TASK BRIEF: Restate, exactly as written, the entries below from the line that holds "Lufthansa pakub hetkel" through the line that holds "Los resultados obtenidos". Pictures are not part of the copy.

DATA FOR THE TASK:
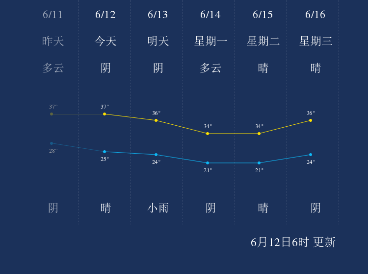 中国天气网讯 今天是6月12日星期六,一起来看天气。
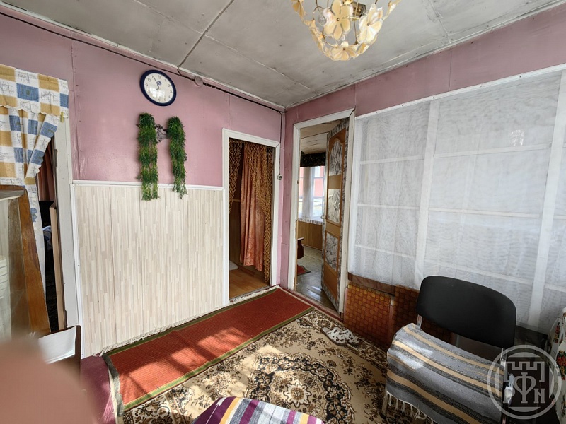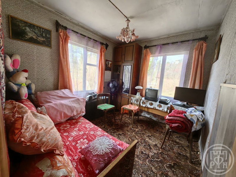 В доме 4 комнаты (гостиная, спальня, детская, комната отдыха) и кухня с печью.
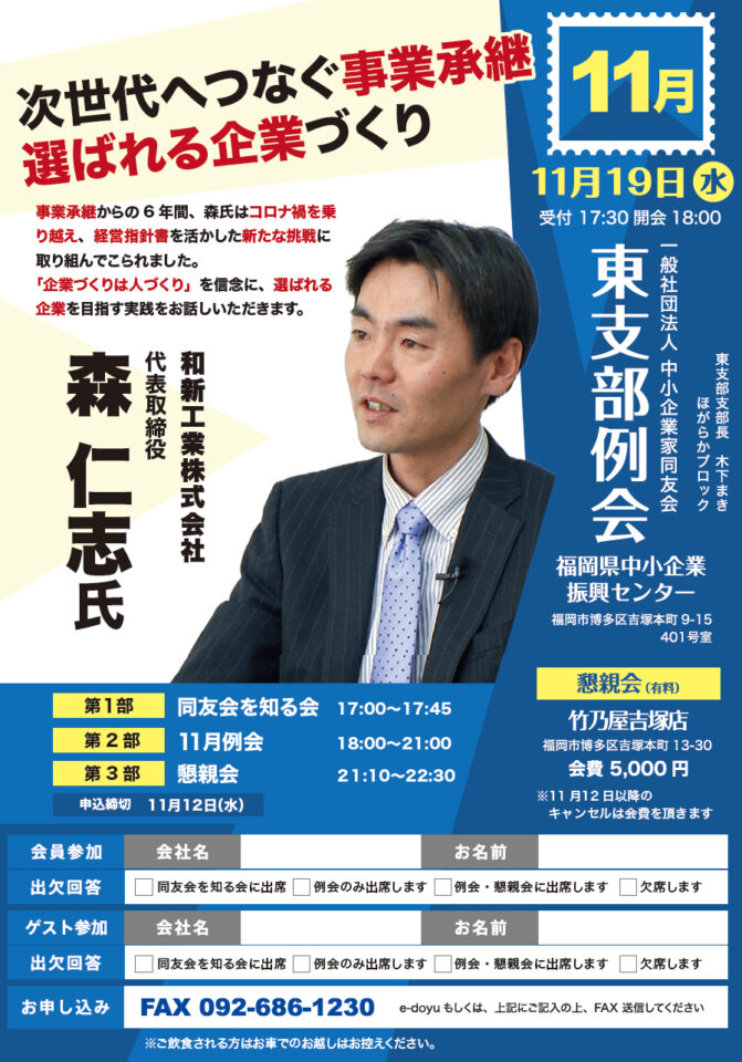 今回の報告では、和新工業株式会社 代表取締役 森氏より事業承継から6年間の歩みと取り組み、そしてコロナ禍を乗り越えてきた次世代経営者としての実践をご紹介いただきます。
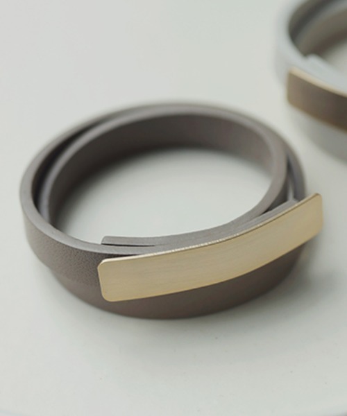 本革を使用したバングル、メタルパーツも手首ラインに沿うように作りました 身に付けるだけできちんと見えのするアイテムです。 シンプルで使いやすいデザインの為デイリーにお使い頂けます。
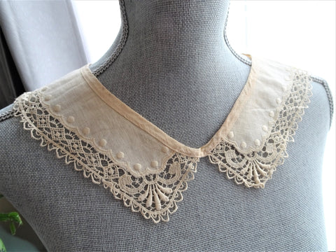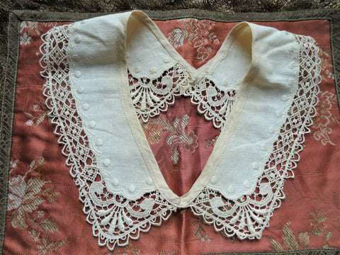 BEAUTIFUL antique linen and lace collar with embroidery. A creamy off white color.
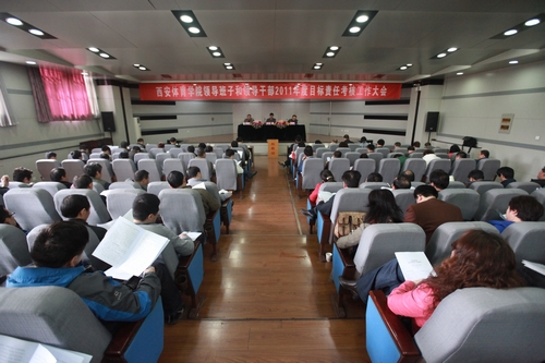 本网讯为进一步加强高等学校领导班子和领导干部队伍建设,改进和完善干部考核评价工作,根据省委、省政府有关要求,3月30日,我院在教学楼一楼报告厅召开英国365上市公司官网领导班子和领导干部2011年度目标责任考核工作大会。陕西省高等学校年度目标责任考核英国365上市公司官网考核工作组组长、省体育局纪检组组长支希贤,省体育局人事处处长马新范,省委组织部宣教处副调研员周群以及考核小组成员可宗革、高志国、甄颖出席大会。学院党委委员、纪委委员、学术委员会委员、工会委员,正高职称专业技术人员,副处级以上干部,市级以上人大代表、政协委员,各民主党派主要负责人,学生代表近150人参加了大会。大会由学院党委书记杜平主持。
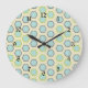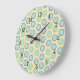 Grande Horloge Ronde Pretty Blue et Lime Green Hexagon Tile Pattern
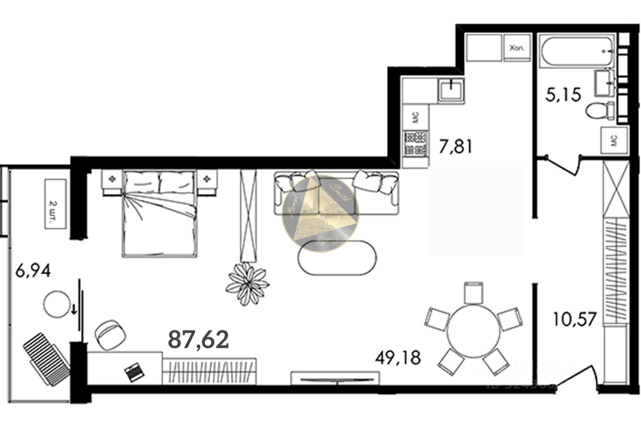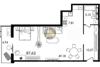 - Жилая комната 49.18 м2
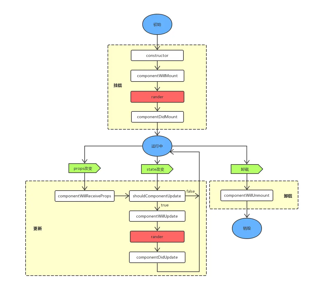 从上图所示,组件的生命周期分为三个阶段,分别是挂载(mounting)、更新(updating)和卸载(Unmounting),其中挂载和更新阶段都会调用rander方法进行绘制。下面对这三个阶段分别进行讲解。
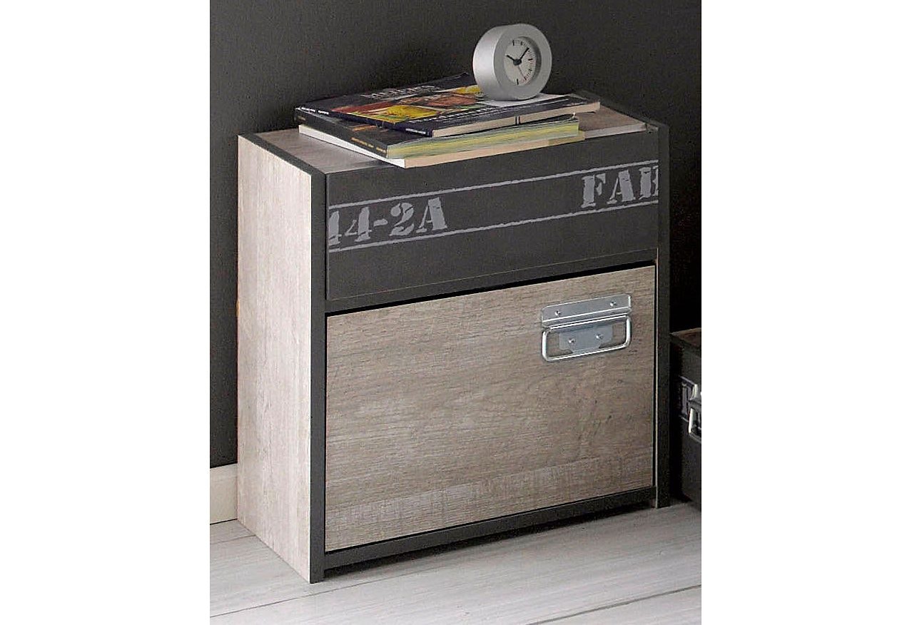 Wissenswertes | Cooles Jugendzimmer in Eschefarben mit grauen, melaminbeschichteten Absetzungen und bedruckten Elementen. Pflegeleichte Kunststoffoberfläche. Innendekor eschefarben. Beschläge und Scharniere aus Metall. Griffe zinkfarben, Metall. Mit 1 Schubkasten, Innenmaße (B/T/H): 33/24/6 cm und 1 Tür, Tür links oder rechts montierbar. Maße (B/T/H): 40/28/46 cm. Alle Maße sind Ca.-Maße. Mit Aufbauanleitung. |
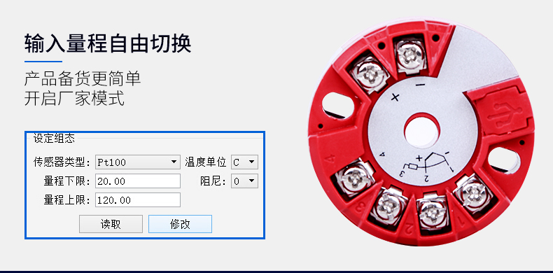 溫度變送器采用熱電偶、熱電阻作為測溫元件,從測溫元件輸出信號送到變送器模塊,經(jīng)過穩(wěn)壓濾波、運算放大、非線性校正、V/I轉(zhuǎn)換、恒流及反向保護等電路處理后,轉(zhuǎn)換成與溫度成線性關(guān)系的4~20mA電流信號0-5V/0-10V電壓信號,RS485數(shù)字信號輸出。
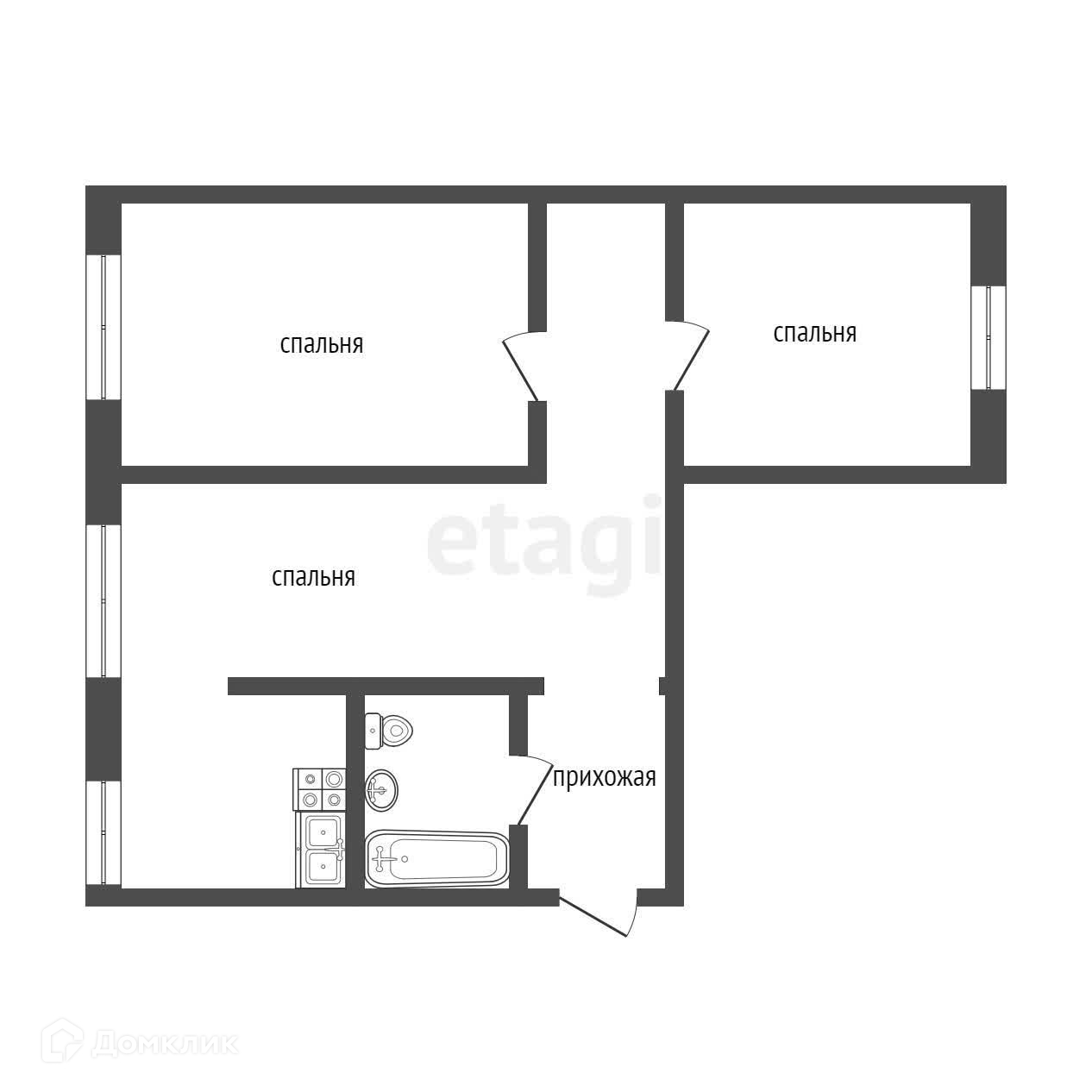 Общая площадь 55 м2
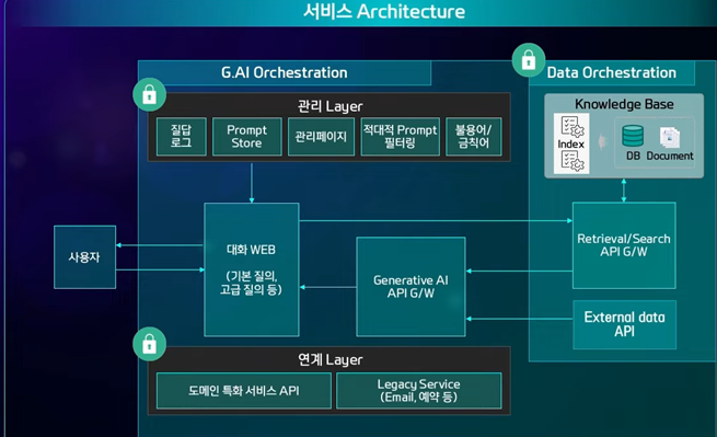 AI Orchestration의 관리 Layer에서는 사용자 관리, 프롬프트 관리 등의 체계를 구축해 악의적인 사용자를 제어하거나 프롬프트(prompt) 모니터링을 통해 적대적인 프롬프트(prompt)를 필터링합니다. 연계 layer는 기존의 도메인 특화 서비스나 Legacy Service과의 연동체계로, 이를 통해 최종적으로 실제 업무와 연계된 시스템을 구축할 수 있게 됩니다. 이처럼 SK㈜ C&C는 생성형 AI를 활용한 기업용 엔터프라이즈 서비스를 제공하고자 합니다.
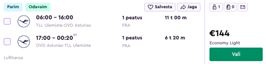 Lufthansa pakub hetkel väga hea hinnaga lennupileteid lendudele Astuuriasse. Ühe ümberistumisega edasi-tagasi lennupiletid Tallinnast Oviedo lennujaama (asub Biskaia lahe äärse Avilesi linna lähedal) on saadaval alates 144€ eest ja ümberistumised toimuvad Frankfurdis või Münchenis.
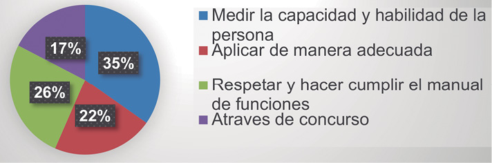 Los resultados obtenidos por medio de la aplicación de las entrevistas demuestran que para la buena ejecución del proceso de selección y contratación del personal, la alcaldía municipal debe medir la capacidad y habilidad de la persona (35%), aplicar de manera adecuada o transparente de acuerdo a lo establecido en la ley de contratación dependiendo del perfil del puesto y ver el perfil profesional del candidato (22%), respetar y hacer cumplir el manual de funciones (26%) (Véase la figura 4).
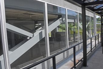 1号館には事務部署の各部屋をはじめ、教室や図書館、コンビニエンスストアなどがあり、学生たちのキャンパスライフの中心といえる建物でした。地震を引き起こした断層の上に建っているため、耐震補強工事の入っていなかった部分を中心に大きく損壊しましたが、今回の整備でY字型校舎の各翼を切り離すとともに倒壊を防ぐ補強工事を実施。安全確保のため建物内には立ち入れませんが、周辺を通路で囲み、大きくとられたガラス窓から特に被害の大きかった阿蘇事務課の部屋の状況を見学できるようになっています。また、建物の裏庭に表出した断層も風雨で崩れることのないよう樹脂で固めるとともに屋根が取り付けられ、地震の規模の大きさを目で確かめられます。各所には地震の規模や被害状況を説明するサインボードも設置されています。今回はこの2カ所の公開となりましたが、今後は隣接するグラウンド部分に駐車場と展示室、防災やレクリエーションに活用できる広場なども設けられる計画です。

SOLUTION:
 Lufthansa pakub hetkel väga hea hinnaga lennupileteid lendudele Astuuriasse. Ühe ümberistumisega edasi-tagasi lennupiletid Tallinnast Oviedo lennujaama (asub Biskaia lahe äärse Avilesi linna lähedal) on saadaval alates 144€ eest ja ümberistumised toimuvad Frankfurdis või Münchenis.
 Los resultados obtenidos por medio de la aplicación de las entrevistas demuestran que para la buena ejecución del proceso de selección y contratación del personal, la alcaldía municipal debe medir la capacidad y habilidad de la persona (35%), aplicar de manera adecuada o transparente de acuerdo a lo establecido en la ley de contratación dependiendo del perfil del puesto y ver el perfil profesional del candidato (22%), respetar y hacer cumplir el manual de funciones (26%) (Véase la figura 4).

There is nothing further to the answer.